An accordance with the division of language into literary and colloquial, we may represent the whole of the word stock of the English language as being divided into three main layers: the literary layer, the neutral layer and the colloquial layer. The literary and the colloquial layers contain a number of subgroups each of which has a property it shares with all the subgroups within the layer. This common property, which unites the different groups of words within the layer may be called its aspect. The aspect of the literary layer is its markedly bookish character. It is this that makes the layer more or less stable. The aspect of the colloquial layer of words is its lively spoken character. It is this that makes it unstable, fleeting.
The aspect of the neutral layer is its universal character. That means it is unrestricted in its use. It can be employed in all styles of language and in all spheres of human activity. The literary layer of words consists of groups accepted as legitimate members of the English vocabulary. They have no local or dialectal character. The colloquial layer of words as qualified in most English or American dictionaries is not infrequently limited to a definite language community or confine to a special locality where it circulates. The literary vocabulary consists of the following groups of words: 1) common literary; 2) terms and learned words; 3) poetic words; 4) archaic words; 5) barbarisms & foreign words; 6) literary coinages including nonce words.
The colloquial vocabulary falls into the following groups: 1) common colloquial words; 2) slang; 3) jargonisms; 4) professional words; 5) dialectal words; 6) vulgar words; 7) colloquial coinages.
The common literary, neutral and common colloquial words are grouped under the term standard English vocabulary.
Galperin denies the existence of this functional style. He thinks that functional style can be singled out in the written variety of language. He defines the style as the result of a deliberate careful selection of language means which in their correlation constitute this style.
Maltzev thinks that style is a choice but this choice is very often done unconsciously, spontaneously He thinks that the main aim of functional style is to facilitate a communication in a certain sphere of discourse. But the rigid lay outs of business and official letters practically exclude the possibility of deliberate, careful selection. One more example the compression in the newspapers headlines where there is a tendency to abbreviate language.

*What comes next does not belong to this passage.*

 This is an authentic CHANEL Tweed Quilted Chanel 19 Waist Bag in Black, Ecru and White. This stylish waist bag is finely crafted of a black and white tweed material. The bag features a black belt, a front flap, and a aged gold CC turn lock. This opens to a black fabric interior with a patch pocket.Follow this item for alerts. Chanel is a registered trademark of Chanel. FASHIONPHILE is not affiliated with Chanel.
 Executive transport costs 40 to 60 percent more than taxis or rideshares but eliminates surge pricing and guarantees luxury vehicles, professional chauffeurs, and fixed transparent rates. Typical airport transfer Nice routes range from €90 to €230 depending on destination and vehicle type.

There's a descrepancy in Galperin's theory. One of the substyles of the publicistic style is oratory which is its oral subdivision. Kuznetz and Skrebnev give the definitions of bookish and colloquial styles. The bookish style is a style of a highly polished nature that reflects the norm of the national literary language. The bookish style may be used not only in the written speech but in oral, official talk.
Colloquial style is the type of speech which is used in situation that allows certain deviations from the rigid pattern of literary speech used not only in a private conversation, but also in private correspondence. So the style is applicable both to the written and oral varieties of the terms "colloquial" and "bookish" don't exactly correspond to the oral and written forms of speech. Maltzev suggests terms "formal" and "informal" and states that colloquial style is the part of informal variety of English which is used orally in conversation.

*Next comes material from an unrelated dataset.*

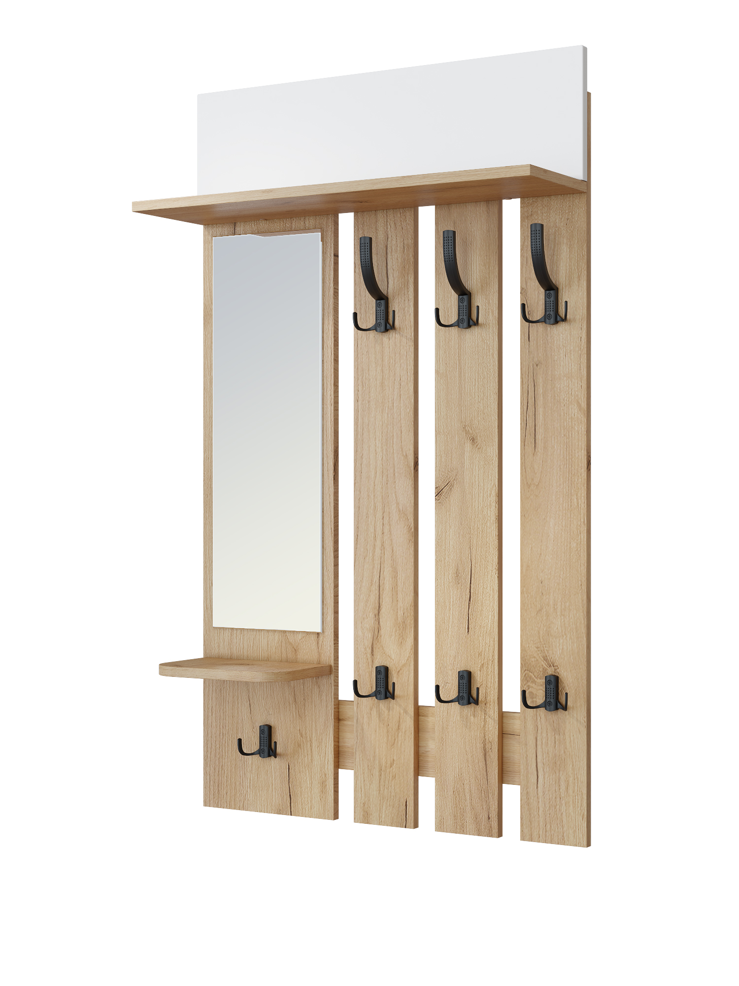 Вешалка Эмилия ЭЛ-49 компактна и функциональна, поэтому органично дополнит любой интерьер вашей прихожей. Вешалка состоит из нескольких объединенных панелей лдсп, трех двойных и трех тройных крючков, благодаря чему на ней можно с легкостью разместить верхнюю одежду нескольких человек. Крючки металлические, максимальная допустимая нагрузка до 15 кг на один крючок. Сочетая вешалку с другими модулями из коллекции Эмилия, вы можете создать стильную и лаконичную прихожую у себя дома. Сборка универсальная.

Fun style(by Galperin) is a system of coordinated, interrelated & interconditioned language means intended to fulfil a specific function of com-n & aiming at a definite effect. Classification:
1 official style, represented in all kinds of of documents.
2 scientific, found in articles, brochures, monographs & other academic publications
3 publicist, covering such genres as essay, public speeches.
4 newspaper style, observed in the majority of materials printed in newspapers
5 belles-lettres style, embracing numerous genres of creative writing. it fulfils the aesthetic function , which fact singles this style out of others & gives grounds to recognize its systematic uniqueness.
Each of the style has 2 forms: written & oral.
Only recently, most style class included:
Poetic style- deals with verbal forms specific for poetry.
Oratoric style- in ancient Greece was instrumental in the creation of “Rhetoric”.
All the mentioned styles are specified within the literary type of the language. Their functioning is characterized by the international approach of the speaker towards the choice of lang-e means suitable for a particular com-ve situation & the official, formal nature of the latter.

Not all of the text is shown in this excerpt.